PROVIDED RECORDS =
----------------
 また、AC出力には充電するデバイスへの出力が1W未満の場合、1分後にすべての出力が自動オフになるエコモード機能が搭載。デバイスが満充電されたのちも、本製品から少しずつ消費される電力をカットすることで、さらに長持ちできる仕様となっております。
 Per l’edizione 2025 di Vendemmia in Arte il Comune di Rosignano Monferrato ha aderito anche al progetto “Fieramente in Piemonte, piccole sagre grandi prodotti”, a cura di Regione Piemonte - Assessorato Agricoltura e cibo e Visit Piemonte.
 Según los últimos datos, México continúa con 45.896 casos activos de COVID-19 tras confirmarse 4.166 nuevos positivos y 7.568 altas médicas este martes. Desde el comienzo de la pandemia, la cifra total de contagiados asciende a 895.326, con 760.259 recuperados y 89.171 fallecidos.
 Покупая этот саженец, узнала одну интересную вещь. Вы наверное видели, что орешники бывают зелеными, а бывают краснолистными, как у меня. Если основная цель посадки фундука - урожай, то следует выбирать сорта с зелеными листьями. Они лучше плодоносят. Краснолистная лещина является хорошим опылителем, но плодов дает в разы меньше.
----------------
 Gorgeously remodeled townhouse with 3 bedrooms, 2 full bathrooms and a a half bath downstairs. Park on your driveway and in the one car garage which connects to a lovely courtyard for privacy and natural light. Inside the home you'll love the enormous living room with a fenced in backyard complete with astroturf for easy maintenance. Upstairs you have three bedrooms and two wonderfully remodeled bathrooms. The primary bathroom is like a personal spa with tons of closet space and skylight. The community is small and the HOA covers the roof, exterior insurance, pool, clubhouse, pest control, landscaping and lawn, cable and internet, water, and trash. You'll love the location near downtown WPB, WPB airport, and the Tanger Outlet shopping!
----------------
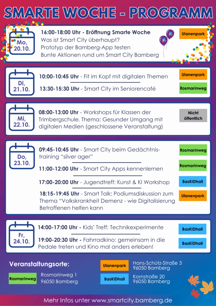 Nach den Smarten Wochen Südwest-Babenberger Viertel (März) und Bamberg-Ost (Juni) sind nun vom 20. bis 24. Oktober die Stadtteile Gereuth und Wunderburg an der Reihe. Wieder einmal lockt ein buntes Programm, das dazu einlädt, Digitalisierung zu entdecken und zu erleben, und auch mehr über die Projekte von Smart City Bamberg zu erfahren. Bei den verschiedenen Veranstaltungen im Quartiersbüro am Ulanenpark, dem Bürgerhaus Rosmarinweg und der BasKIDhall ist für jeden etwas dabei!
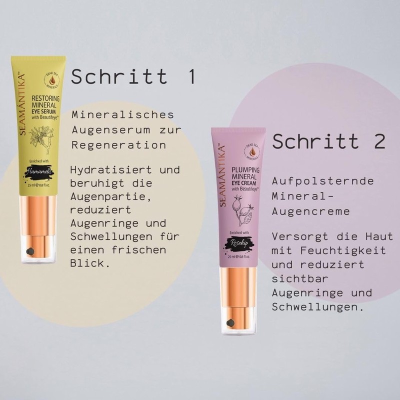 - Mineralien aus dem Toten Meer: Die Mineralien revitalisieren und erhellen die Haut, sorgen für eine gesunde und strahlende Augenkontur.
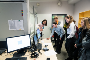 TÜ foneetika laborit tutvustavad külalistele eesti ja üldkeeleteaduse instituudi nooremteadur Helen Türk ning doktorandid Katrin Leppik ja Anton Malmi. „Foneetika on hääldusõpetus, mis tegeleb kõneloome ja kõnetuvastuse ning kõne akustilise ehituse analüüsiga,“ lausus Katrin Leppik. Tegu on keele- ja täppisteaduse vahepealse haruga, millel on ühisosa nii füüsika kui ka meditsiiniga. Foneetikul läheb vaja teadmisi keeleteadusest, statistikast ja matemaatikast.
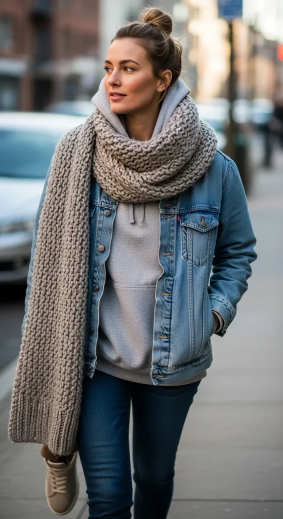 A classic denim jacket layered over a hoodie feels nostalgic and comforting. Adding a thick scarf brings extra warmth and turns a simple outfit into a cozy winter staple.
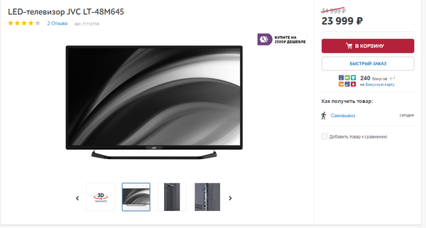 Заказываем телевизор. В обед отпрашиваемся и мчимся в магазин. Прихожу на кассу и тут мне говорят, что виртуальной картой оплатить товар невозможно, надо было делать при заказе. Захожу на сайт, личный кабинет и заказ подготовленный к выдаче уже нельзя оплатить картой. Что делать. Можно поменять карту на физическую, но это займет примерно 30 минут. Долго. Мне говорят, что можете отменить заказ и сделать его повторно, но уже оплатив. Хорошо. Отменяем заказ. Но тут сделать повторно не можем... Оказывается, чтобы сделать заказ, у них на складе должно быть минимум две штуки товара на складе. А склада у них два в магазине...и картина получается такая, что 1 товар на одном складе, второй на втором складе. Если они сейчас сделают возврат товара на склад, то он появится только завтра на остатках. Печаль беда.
----------------
WHAT YOU NEED TO DO =
Within the entries above, give again exactly the lines starting at the one that contains "Nach den Smarten" and ending at the one that contains "A classic denim", leaving out the pictures.

EXPECTED ANSWER =
 Nach den Smarten Wochen Südwest-Babenberger Viertel (März) und Bamberg-Ost (Juni) sind nun vom 20. bis 24. Oktober die Stadtteile Gereuth und Wunderburg an der Reihe. Wieder einmal lockt ein buntes Programm, das dazu einlädt, Digitalisierung zu entdecken und zu erleben, und auch mehr über die Projekte von Smart City Bamberg zu erfahren. Bei den verschiedenen Veranstaltungen im Quartiersbüro am Ulanenpark, dem Bürgerhaus Rosmarinweg und der BasKIDhall ist für jeden etwas dabei!
 - Mineralien aus dem Toten Meer: Die Mineralien revitalisieren und erhellen die Haut, sorgen für eine gesunde und strahlende Augenkontur.
 TÜ foneetika laborit tutvustavad külalistele eesti ja üldkeeleteaduse instituudi nooremteadur Helen Türk ning doktorandid Katrin Leppik ja Anton Malmi. „Foneetika on hääldusõpetus, mis tegeleb kõneloome ja kõnetuvastuse ning kõne akustilise ehituse analüüsiga,“ lausus Katrin Leppik. Tegu on keele- ja täppisteaduse vahepealse haruga, millel on ühisosa nii füüsika kui ka meditsiiniga. Foneetikul läheb vaja teadmisi keeleteadusest, statistikast ja matemaatikast.
 A classic denim jacket layered over a hoodie feels nostalgic and comforting. Adding a thick scarf brings extra warmth and turns a simple outfit into a cozy winter staple.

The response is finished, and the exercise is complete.